И сразу с ужасающей ясностью до него дошел смысл наступившей тишины: никаких дятлов не было. Просто замолчали автоматы, и молчание их не нужно было объяснять.
Что же он наделал!.. Что же он наделал!..
Это ему, Панасенкову, приказывал командир уходить, потому что никто, кроме него, не мог добраться до своих и доложить… А почему, собственно, только он?.. У них тоже была еще возможность уйти, отстреливаясь. Они были в лесу, не на открытом месте, и…
Новая мысль ожгла его мозг: могли уйти… а могли и не уйти… Да-да, могли уйти, а могли и не уйти!..
А он мог!..
Потому лейтенант и выбрал его, чтобы — наверняка…
Могли уйти… А он не выполнил приказ, вмешался в перестрелку, и они уже не могли уйти — они оттягивали немцев на себя, чтобы дать возможность ему, идиоту, опомниться и ускакать с донесением…
И теперь они лежат там на опушке, и фрицы обшаривают у них карманы. Лежат, потому что он, Панасенков, не исполнил свой долг… И по его вине они лежат там, мертвые…
Могли уйти, а могли и не уйти… А потом они уже не могли уйти. Из-за него…
А он мог…
Почему — «мог»?
Он должен сделать это сейчас…
Панасенков с трудом перевалился на живот. Боль резанула так, что у него потемнело в глазах. Он полежал, пока боль не приутихла, и поднял голову.
От мызы по направлению к нему шел немец. В правой руке он держал автомат, помахивая им в такт шагам. Казалось, будто он идет с тросточкой…
Теперь уходить было нельзя. Панасенков скосил глаза налево. Автомат лежал на бровке в двух шагах от него.
«Так, — подумал он, — надо подползти к автомату… Потом срезать этого фрица и добраться до лошадей…» Он прикинул расстояние и решил подпустить немца поближе. Вон, до той березки…
Стиснув зубы, Панасенков пополз по кювету, превозмогая режущую боль в боку. Ползти было трудно, левая рука не действовала. Но он все-таки дополз. Правой рукой выкопал ямку, сунул автомат рожком в нее и попробовал прицелиться…
Немец шел не спеша. Панасенков силился разглядеть его, но по полянке вдруг поплыл туман и закрыл немца. Через некоторое время туман растаял.
Немец шел уже посередине поляны.
И снова появился туман…
«Странно, — подумал Панасенков, — откуда мог взяться туман?..»

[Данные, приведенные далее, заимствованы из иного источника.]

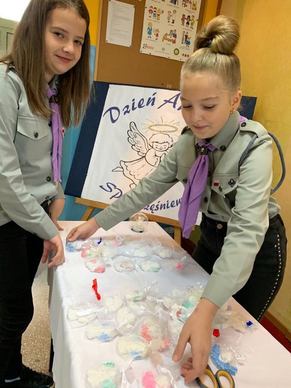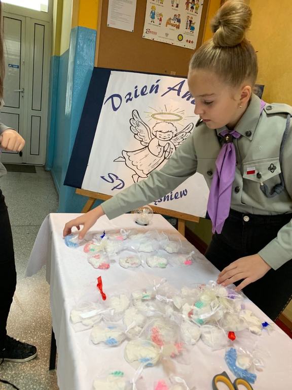 Włączając się w organizowany w szkole Dzień Anioła, drużyna harcerska przygotowała dodatkową atrakcję. Były to wykonane z masy gipsowej aniołki. Jedne z magnesikami, mogą posłużyć jako ozdoba np. na lodówce, drugie z zawieszką, mogą znaleźć swoje miejsce na choince. Jedne pomalowane, inne białe, całym swym czarem wyzwalały osobliwe uczucia.
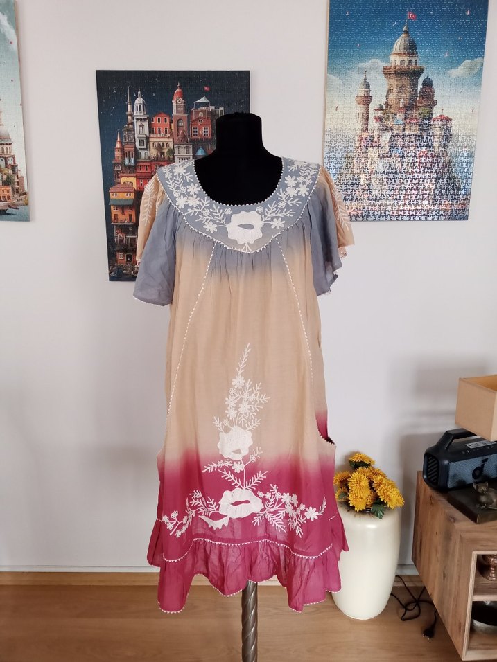 Bohem Çok Renkli Batik yazlık elbise
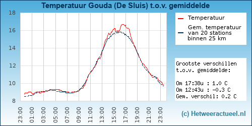 Benchmark van de temperatuur gegevens van de weerstations die aangesloten zijn bij Meteo Gouda
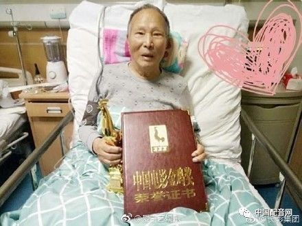 这是老爷子在病床是接受奖杯和获奖证书。
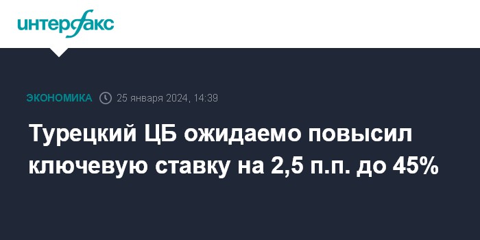 Москва. 25 января. INTERFAX.RU - Центробанк Турции на заседании в четверг поднял ключевую процентную ставку на 2,5 процентного пункта (п.п.).
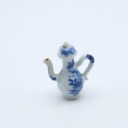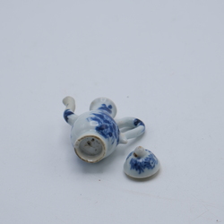 | Omschrijving | Een vroeg 18e eeuws Chinees porseleinen miniatuur zgn poppegoed theekan met deksel. Blauw/wit floraal patroon. |
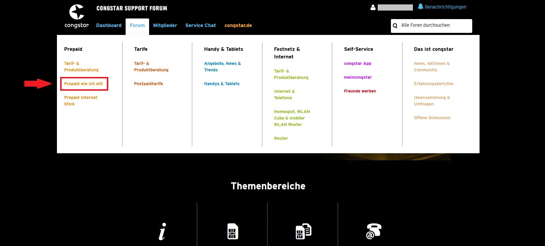 Wenn ihr eine Frage zum Prepaid wie ich will Tarif habt oder wissen möchtet, wie ihre eure Prepaid Optionen ändern könnt, ist das Board "Prepaid wie ich will" die richtige Wahl. Zieht einfach mit der Maus oben über "Forum" und klickt dann auf "Prepaid wie ich will":
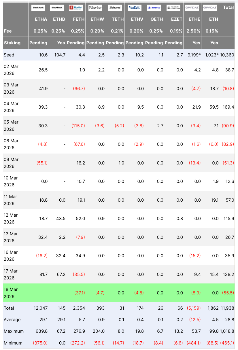 Farside Investors的数据显示,ETH价格下跌期间,美国现货以太坊ETF出现了资金净流出,周三流出金额为5550万美元,结束了连续六日的资金净流入趋势。
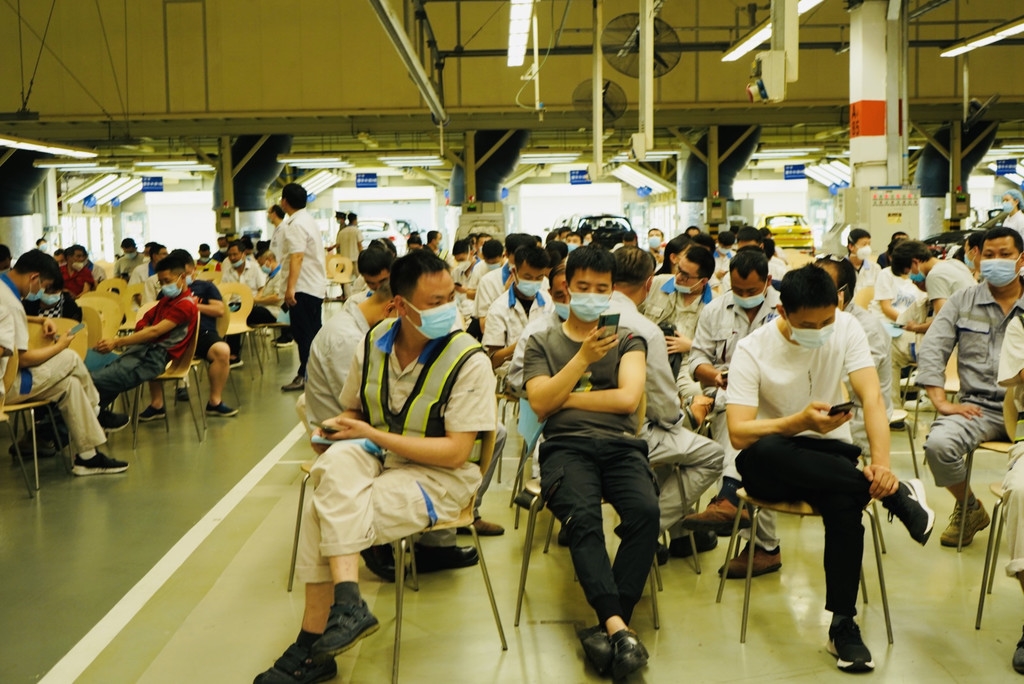 到5月20日16时30分,一汽-大众成都分公司总装车间内12个接种单元同时接种,安全高效地在两天内完成全公司超过6000人新冠疫苗接种,与此同时,一汽-大众成都分公司2000余台的日产量未受影响,做到“防疫生产两不误”。

На этот раз он был какого-то необычного, розоватого оттенка. «Только бы он не наплыл, когда тот будет подходить к березке!» — мелькнуло в голове у Панасенкова, и тут же новая полоса тумана, уже сизо-багрового, застлала всю поляну, и березку, и дорогу…
Когда туман рассеялся, Панасенков не увидел немца. Он испугался. Березка вот она, за дорогой слева, — есть, а немец исчез!.. Правда, что-то мешало Панасенкову видеть всю поляну. Какое-то препятствие появилось перед его глазами. Он попытался вглядеться в препятствие сквозь снова наплывающий сизо-багровый туман и увидел, что это был сапог — покрытый пылью тяжелый немецкий сапог.
«Надо убрать его…»- подумал он и зашевелился.
Прямо над головой раскатился гром, слепяще сверкнула нестерпимо яркая молния. Панасенков еще дернулся конвульсивно, пытаясь вытянуть вперед руку, чтобы убрать, убрать этот невесть откуда взявшийся, сапог, мешающий ему выцелить врага…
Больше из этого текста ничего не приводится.